This fact is ascertained by the discovery
of silver balances, adjusted with perfect accuracy, in some of
the tombs of the Incas. *24
[Footnote 22: Garcilasso, Com. Real., Parte 1, lib. 8, cap. 25.]
[Footnote 23: Ibid., Parte 1, lib. 5, cap. 7; lib. 6, cap. 8. -
Ondegardo, Rel. Seg., Ms.
This, which Bonaparte thought so incredible of the little island
of Loo Choo, was still more extraordinary in a great and
flourishing empire like Peru; - the country, too, which contained
within its bowels the treasures that were one day to furnish
Europe with the basis of its vast metallic currency.]
[Footnote 24: Ulloa, Not. Amer., ent. 21.]

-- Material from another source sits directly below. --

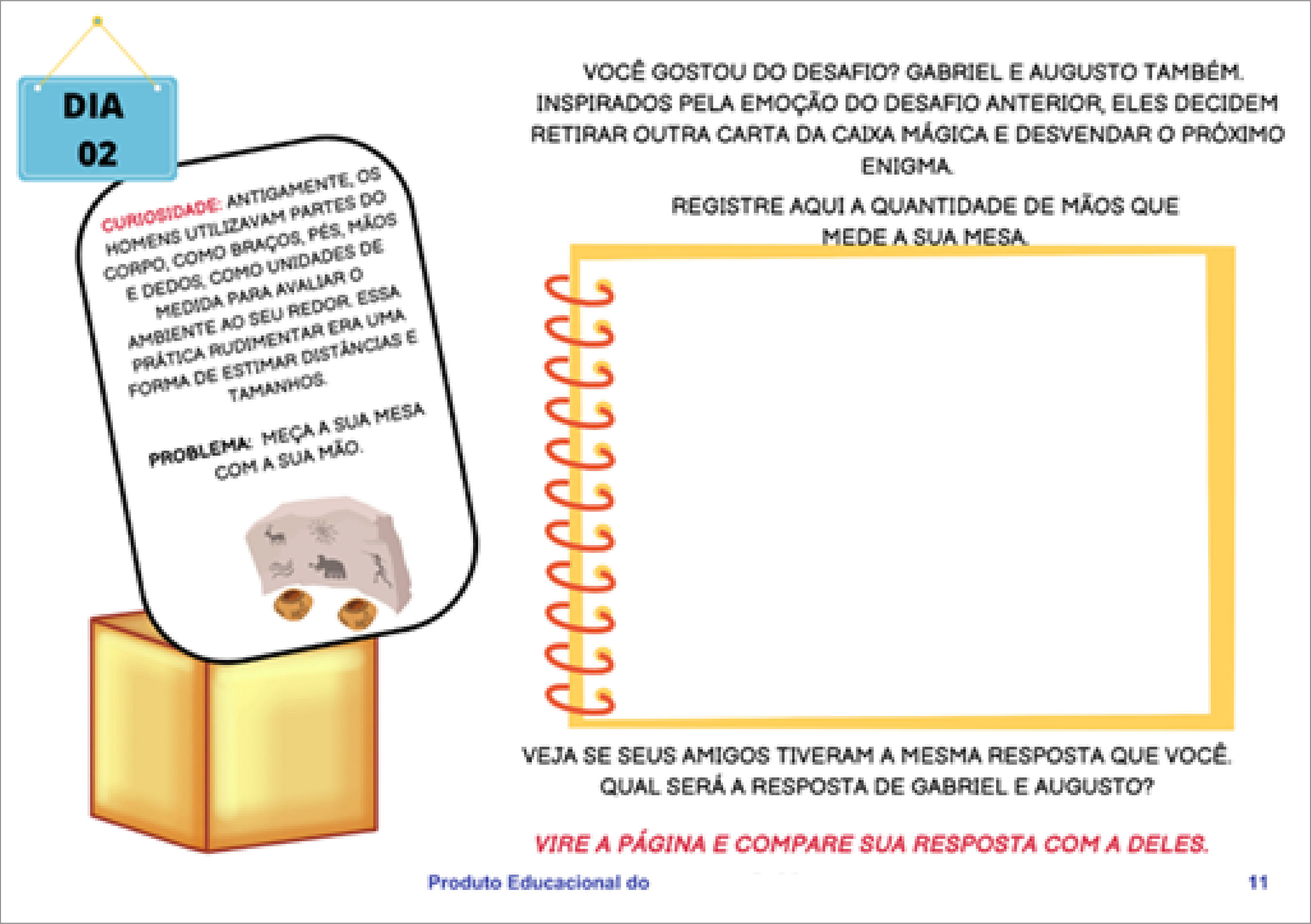 Na trama, os personagens continham uma caixa contendo desafios matemáticos a serem resolvidos. Como forma de levar as crianças a interagir com eles, foram apresentados os desafios em fichas, colocadas dentro de envelopes individuais e fixados nas caixas desenhadas nas páginas do livro. Assim, em cada prática, quando um personagem tirava uma ficha da caixa, uma das crianças era convidada a ir até o livro e retirar o envelope com a questão a ser lida.
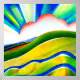 Design de paisagem com aquarela digital em cores e texturas vibrantes do arco-íris com um nascer do sol e raios solares salientes.

But the surest test of the civilization of a people - at least,
as sure as any - afforded by mechanical art is to be found in
their architecture, which presents so noble a field for the
display of the grand and the beautiful, and which, at the same
time, is so intimately connected with the essential comforts of
life. There is no object on which the resources of the wealthy
are more freely lavished, or which calls out more effectually the
inventive talent of the artist. The painter and the sculptor may
display their individual genius in creations of surpassing
excellence, but it is the great monuments of architectural taste
and magnificence that are stamped in a peculiar manner by the
genius of the nation. The Greek, the Egyptian, the Saracen, the
Gothic, - what a key do their respective styles afford to the
character and condition of the people! The monuments of China,
of Hindostan, and of Central America are all indicative of an
immature period, in which the imagination has not been
disciplined by study, and which, therefore, in its best results,
betrays only the ill-regulated aspirations after the beautiful,
that belong to a semi-civilized people.